**** DATA EXTRACT ****

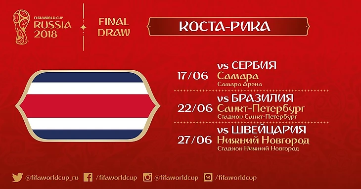 Календарь же для команды Оскара Рамиреса кажется не идеальным, но весьма приемлемым: в матче первого тура им играть с сербами, крепким соперником, которому могут помешать проблемы внутри федерации. После встречи с пентакампеонами предстоит игра против Швейцарии, имеющая высокие шансы быть решающей. Интересно, что в этой встрече сойдутся сборные двух нейтральных государств, и ничья почти наверняка не устроит ни одну из них. В этом поединке команда из страны сыра, банков и часов наверняка завладеет позиционным преимуществом, что будет только на руку «тикос», любящим и умеющим играть на контратаках. Сверхатакующие крайние защитники альпийской сборной дадут много пространства подвижной группе атаки центральноамериканцам.
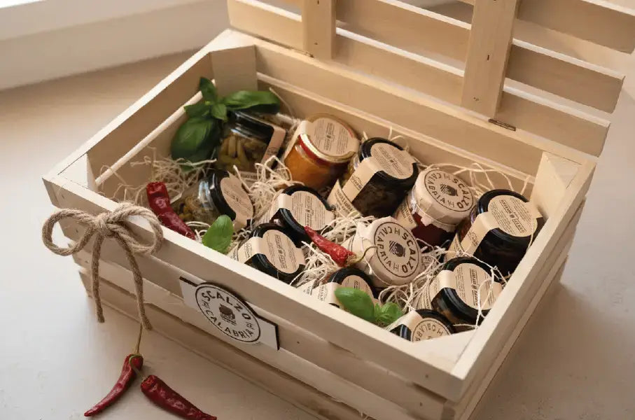 Idee regalo eleganti e curate con i nostri migliori prodotti calabresi. Perfette per ogni occasione.
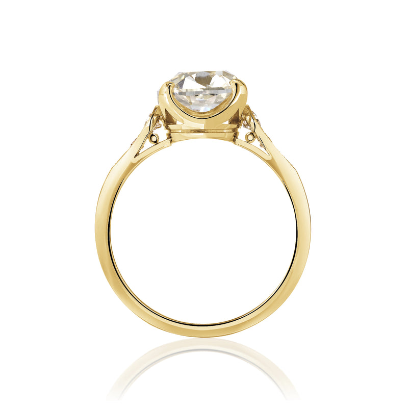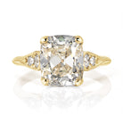 3.35ct N/SI1 GIA certified antique cushion cut diamond with 0.16ctw old European cut accent diamonds prong set in a handcrafted 18K yellow gold mounting.
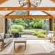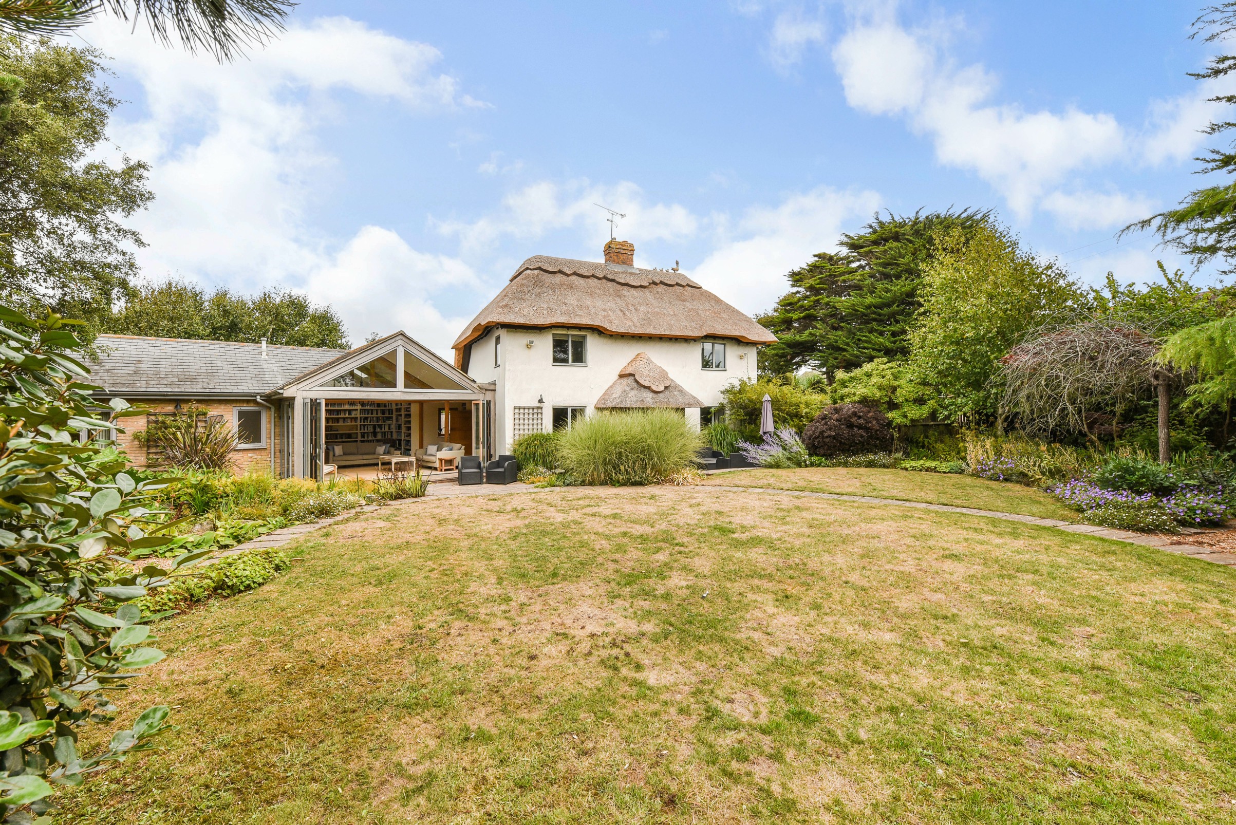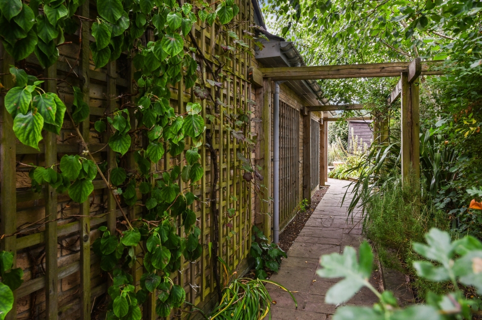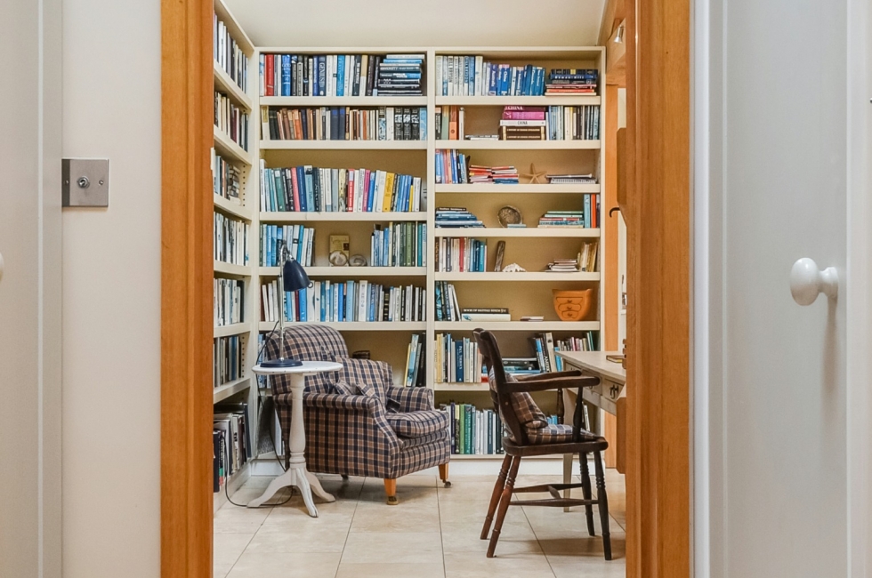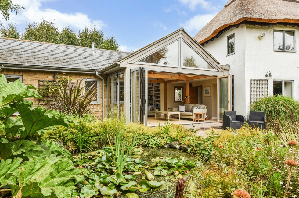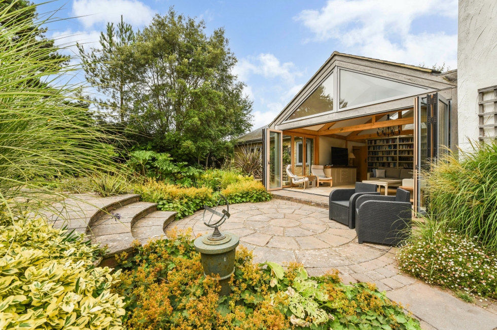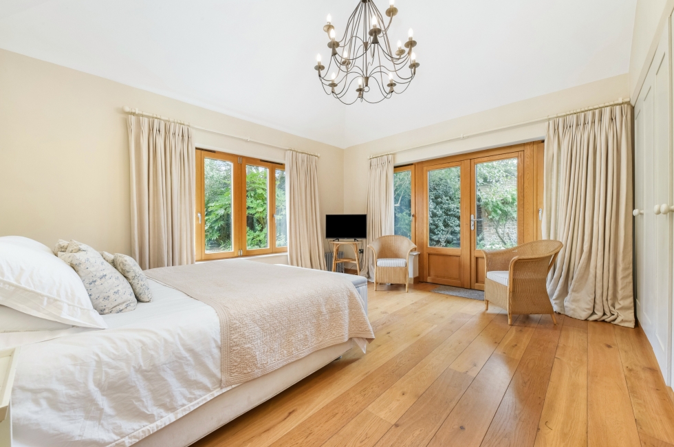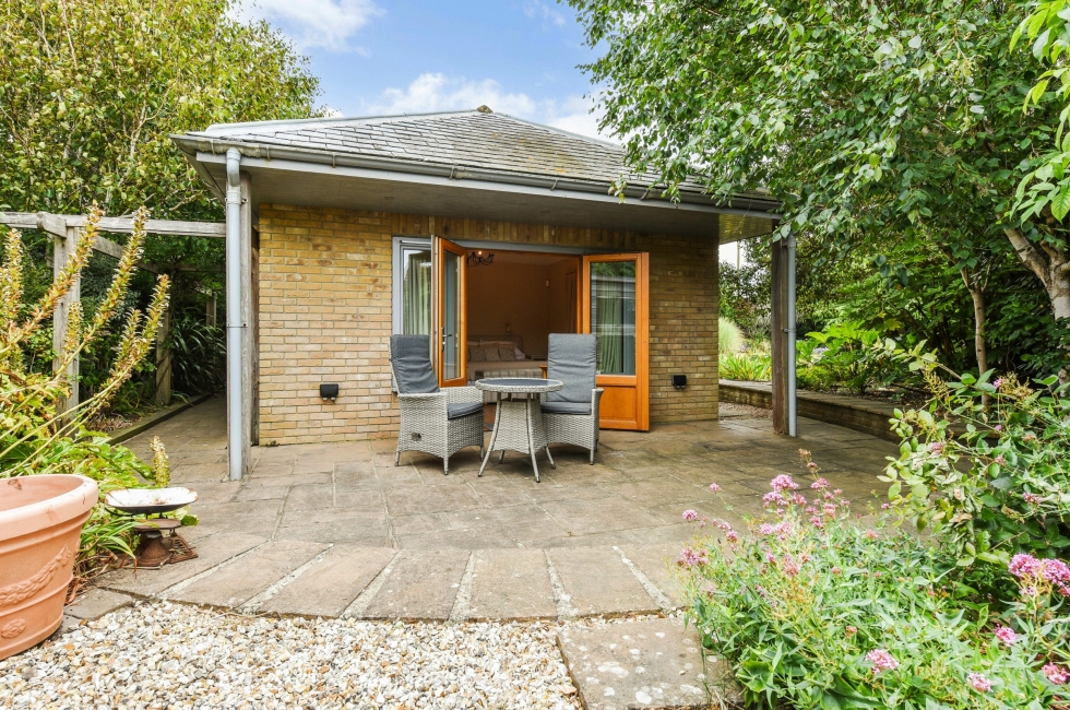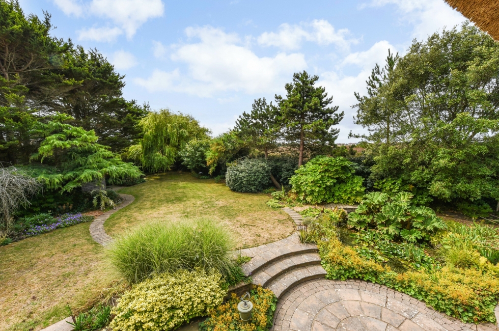 Outside: Enclosed large garden laid to lawn with an open pond. Garden seating for eight with side tables.

****

### [EXERCISE]
Inclusive range, exact copy: the line containing "3.35ct N/SI1 GIA" through the last line of the listing. Print nothing else, and no pictures.

### [ANSWER SPACE]
 3.35ct N/SI1 GIA certified antique cushion cut diamond with 0.16ctw old European cut accent diamonds prong set in a handcrafted 18K yellow gold mounting.
 Outside: Enclosed large garden laid to lawn with an open pond. Garden seating for eight with side tables.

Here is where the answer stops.